Banff’s Mt. Norquay has been open since October 25, so it has had plenty of time to work out any pre-season kinks. Current snowfall is reported at more that 30 inches, with 30 runs open. This is a really fun little resort with an edgy vibe, though note trails can be quite steep and icy in the upper areas of the mountain. They have night skiing here, as well as lift tickets by the hour, so a good one if you want to get in a half-day on the slopes along with some additional Banff National Park sightseeing.

Lake Louise

Lake Louise is probably my favorite of the Banff-Lake Louise area’s three resorts (although you really can’t go wrong at any given the snow, uncrowded conditions, and spectacular views). At a whopping 4,200 acres, Lake Louise offers a massive amount of terrain for all comers, including a new Learning & Adventure Centre with magic carpets and other beginner-friendly amenities. This is where I’d start if you’re new to the sport, or want to get back in the groove.

Sunshine Village

Sunshine Village is the Banff area’s most complete resort, with arguably the best quality snow and most diverse mix of terrain. Although slightly smaller than Lake Louise, its 3,358 acres offer some real challenges across 107 runs (25 percent of which are rated advanced/expert). The mountain has also upped the ante this season with the addition of a new on-mountain smokehouse, Vietnamese pho café, and European-style creperie for the 2012-2013 season. Ski and be sated. What’s not to love?
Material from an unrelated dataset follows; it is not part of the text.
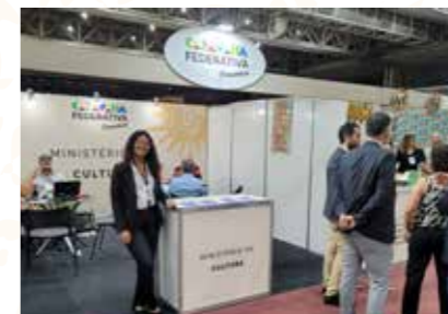
MIN. DA CULTURA

As someone who’s skied this area (as well as visited in both winter and summer seasons), it’s hard to recommend any one resort over another, as they’re all cradled in some of the most spectacular scenery you can imagine. Try them all if you can! Non-skiers can even venture beyond the lower confines of the Bow Valley River corridor. This season, the new Tri-Area Sightseeing Pass ($39.95 Canadian for adults) offers access to Norquay’s chairlift as well as the two gondolas at Sunshine and Lake Louise. Drink in the views without having to strap on skis, plus get a complimentary $12 (Canadian) food and beverage voucher to redeem at participating resort eateries; incredibly, the pass also includes complimentary round-trip transport from downtown Banff and Lake Louise hotels.
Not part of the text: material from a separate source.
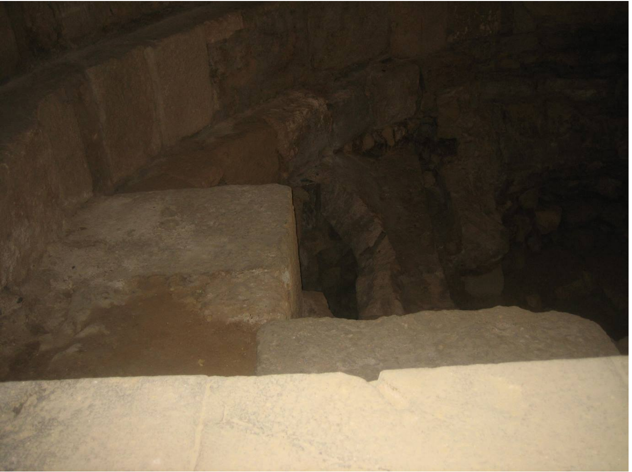
Fig. 3 - Ciò che rimane al di sotto del piano di calpestio attuale.
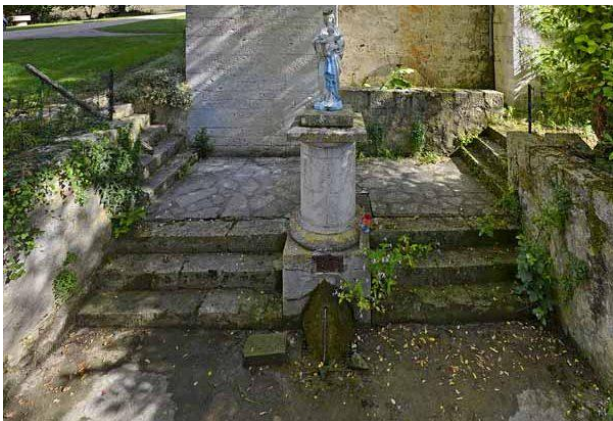
Fontaine et Vierge de la chapelle

And while I have your attention about why you should plan a ski trip to Alberta this season, don’t overlook another fantastic resort tucked within the soaring folds of Banff and Jasper national parks. Located at the other end of Alberta’s world-famous Icefields Parkway is the lovely little resort of Marmot Basin. Given its more remote location, it doesn’t see the same traffic as the “Big 3” to its south. If you do get up there, expect crowd-free skiing, slopes that are exposed to some of the continent’s best views, and a very relaxed, mellow vibe. Marmot also benefits from one of North America’s longest seasons, with spring skiing available as late as May.
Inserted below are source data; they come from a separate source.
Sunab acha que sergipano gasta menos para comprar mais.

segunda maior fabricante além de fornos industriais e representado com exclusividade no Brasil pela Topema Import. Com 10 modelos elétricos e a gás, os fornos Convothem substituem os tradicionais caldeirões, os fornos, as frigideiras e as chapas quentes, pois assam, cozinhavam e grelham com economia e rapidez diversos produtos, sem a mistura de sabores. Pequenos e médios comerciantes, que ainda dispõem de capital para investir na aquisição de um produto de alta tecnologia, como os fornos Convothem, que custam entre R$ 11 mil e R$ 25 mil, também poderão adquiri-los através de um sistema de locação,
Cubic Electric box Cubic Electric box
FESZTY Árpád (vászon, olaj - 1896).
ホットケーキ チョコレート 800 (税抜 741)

Lastly (and I haven’t skied here), Kananaskis Country’s Fortress Mountain is back in business with its first season of cat-skiing. Closed in 2007 after the original owner lost its re-issuing permit, Fortress’s new management team has re-opened the glorious untracked terrain—seen in flicks including Inception and The Bourne Legacy—to members of the public through its new KPOW cat-skiing operation. Eventually the goal is to restore Fortress to its original glory, a boon to skiers looking for yet another reason to pack up the skis and head north.